• **The task**: Exact copies of the lines from the start of the records through the line with "小鹏X9超级增程热销超预期,供应链紧急加" are what the answer must hold; pictures are not part of it.

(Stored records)
Segment Open
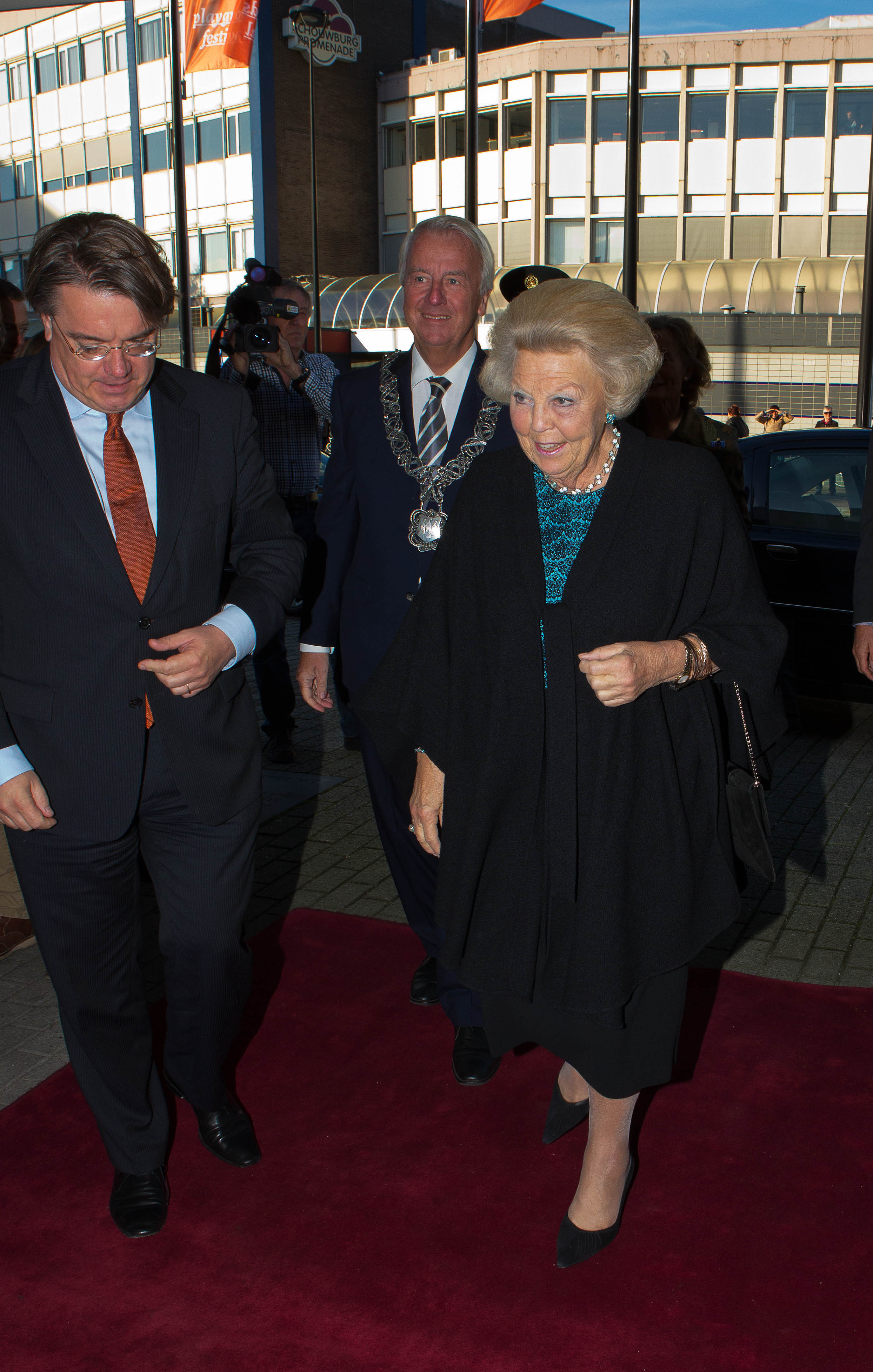 In Tilburg was prinses Beatrix gisteren aanwezig bij het slotakkoord van het Europees Roma- en Sinti-project “Requiem voor Auschwitz’. Met het project wordt sinds 2012 aandacht gevraagd voor de slachtoffers van de Holocaust, waaronder 500.000 Roma en Sinti, en voor de hedendaagse positie van de Roma en Sinti-gemeenschap in Europa. Voor de gelegenheid koos de prinses een zwart ensemble met blauwe details, die ze al enkele malen eerder had gedragen. Haar hoed liet ze ditmaal thuis, maar uiteraard ontbraken haar vaste sieraden (haar verlovingsring en armbandenset van prins Bernhard) niet.
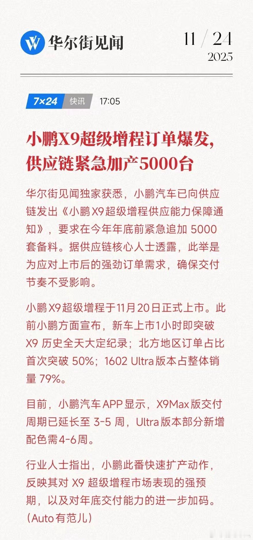 小鹏X9超级增程热销超预期,供应链紧急加产5000台。小鹏赶紧出超级增程的SUV
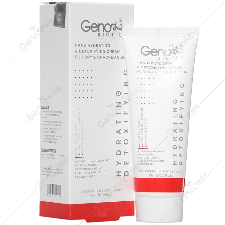 کرم رطوبت رسان و دتوکسیفای کننده دست ژنوبایوتیک، یک رطوبت رسان قوی است که با رطوبت رسانی عمقی به پوست دست شما رطوبت پوست دست را برای مدت طولانی حفظ می کند و این کار را بدون باقی ماندن رد چربی و با جذب سریع بر روی پوست دست تان انجام میدهد. این کرم مخصوص پوست های خشک و آتوپیک طراحی شده است و به مرور استفاده باعث ترمیم زخم ها و ترک های ناشی از خشکی پوست می شود و از بروز چین و چروک های زودرس جلوگیری می کند. از طرفی دیگر این محصول یک لایه محافظتی بر روی پوست ایجاد کرده که مانع تاثیر گذاری امواج مضر محیطی در طول شب و روز بر روی پوست شده و با خاصیت آنتی اکسیدانی و دتوکسیفای کنندگی، سلامت پوست دست را به ارمغان می آورد.
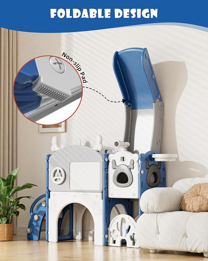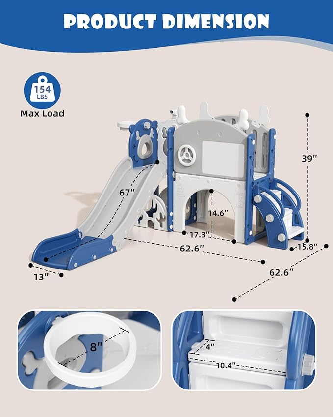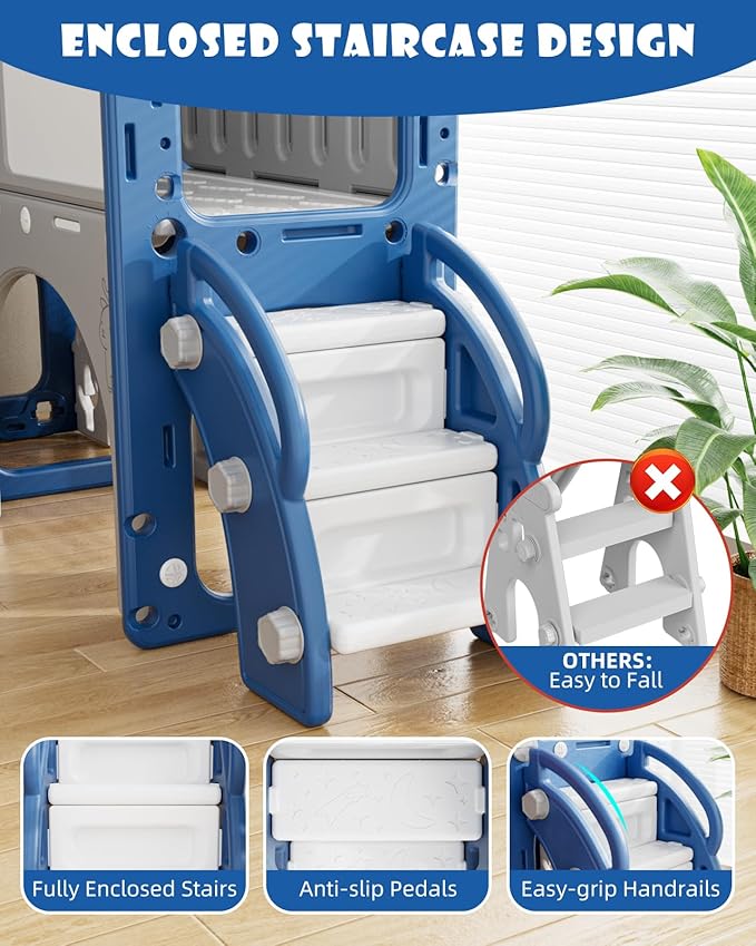 • Safe Design: This baby slide set features raised handrails, a widened waiting area, non-slip pedals and scientific step spacings. A widened and extended slide is designed with three distinct sections: acceleration zone, deceleration zone, and buffer zone, ensuring an exciting yet safe sliding experience for your child.
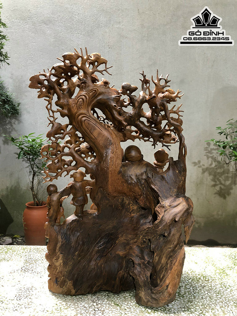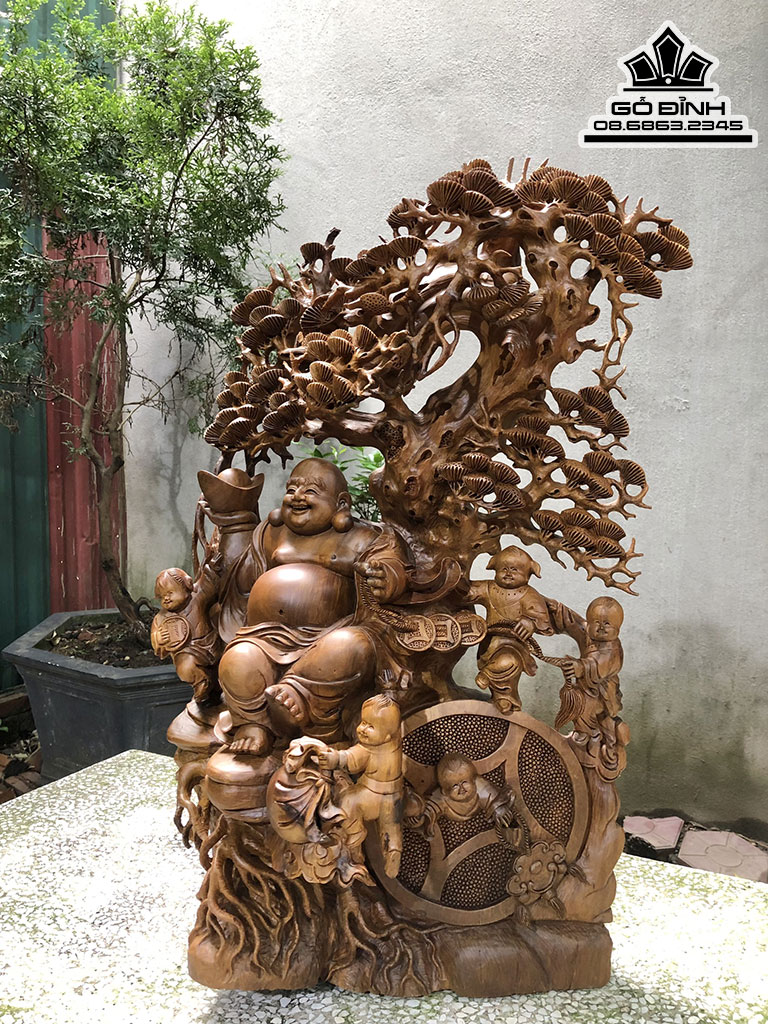 Di Lặc Ngồi Gốc Tùng Gỗ Bách Xanh Cao 75 Ngang 50 Sâu 35 (cm)
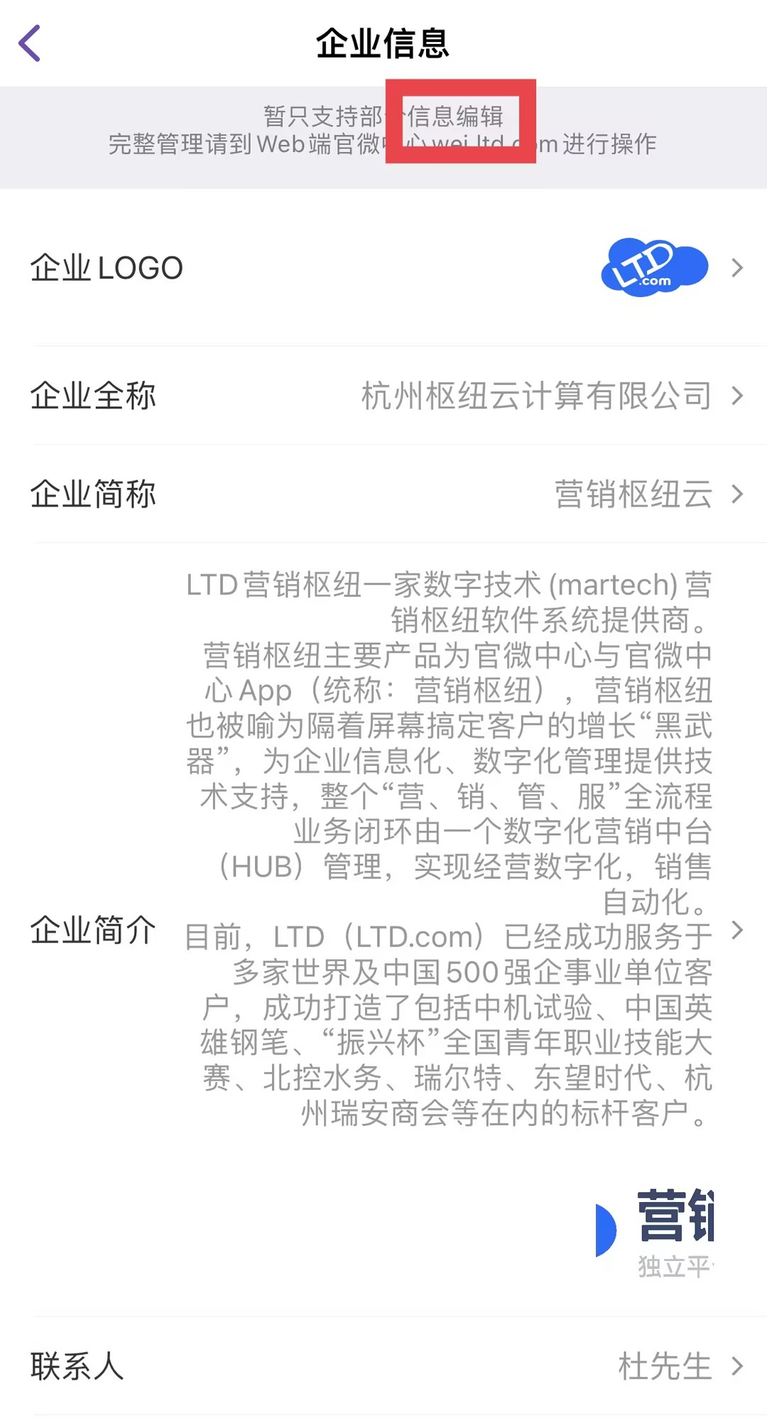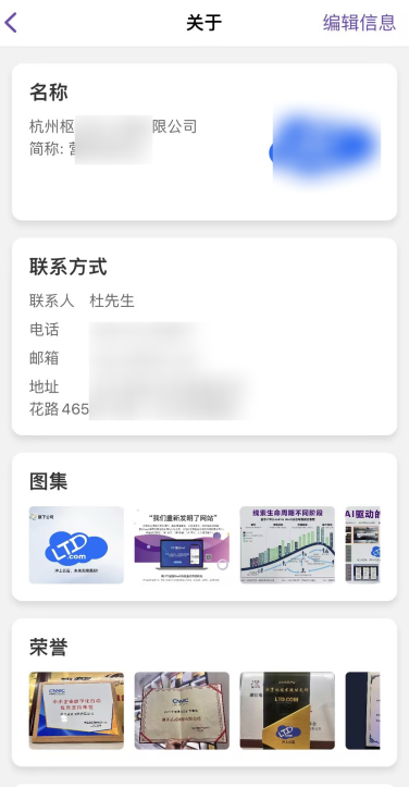 图示:移动端企业信息管理入口,允许管理员在手机上快速更新企业核心信息,满足紧急修改需求,是Web端深度管理的有效补充。
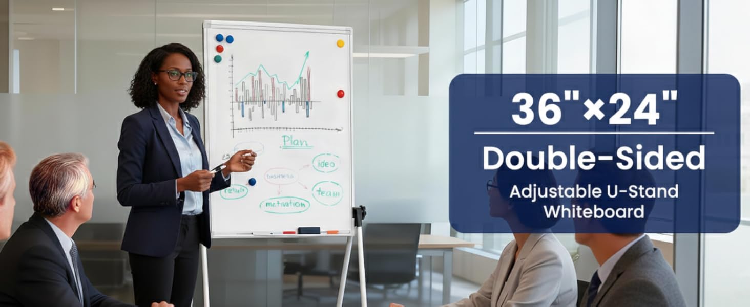 STAYS STEADY WHILE YOU WRITE – Don't let a shaky board ruin your focus. Our reinforced U-shaped steel frame sits firmly on the floor with anti-slip rubber feet. This gives you a rock-solid writing surface that won't slide around, ensuring your notes stay neat and professional during every meeting
Segment Closed
• **Task answer**:
 In Tilburg was prinses Beatrix gisteren aanwezig bij het slotakkoord van het Europees Roma- en Sinti-project “Requiem voor Auschwitz’. Met het project wordt sinds 2012 aandacht gevraagd voor de slachtoffers van de Holocaust, waaronder 500.000 Roma en Sinti, en voor de hedendaagse positie van de Roma en Sinti-gemeenschap in Europa. Voor de gelegenheid koos de prinses een zwart ensemble met blauwe details, die ze al enkele malen eerder had gedragen. Haar hoed liet ze ditmaal thuis, maar uiteraard ontbraken haar vaste sieraden (haar verlovingsring en armbandenset van prins Bernhard) niet.
 小鹏X9超级增程热销超预期,供应链紧急加产5000台。小鹏赶紧出超级增程的SUV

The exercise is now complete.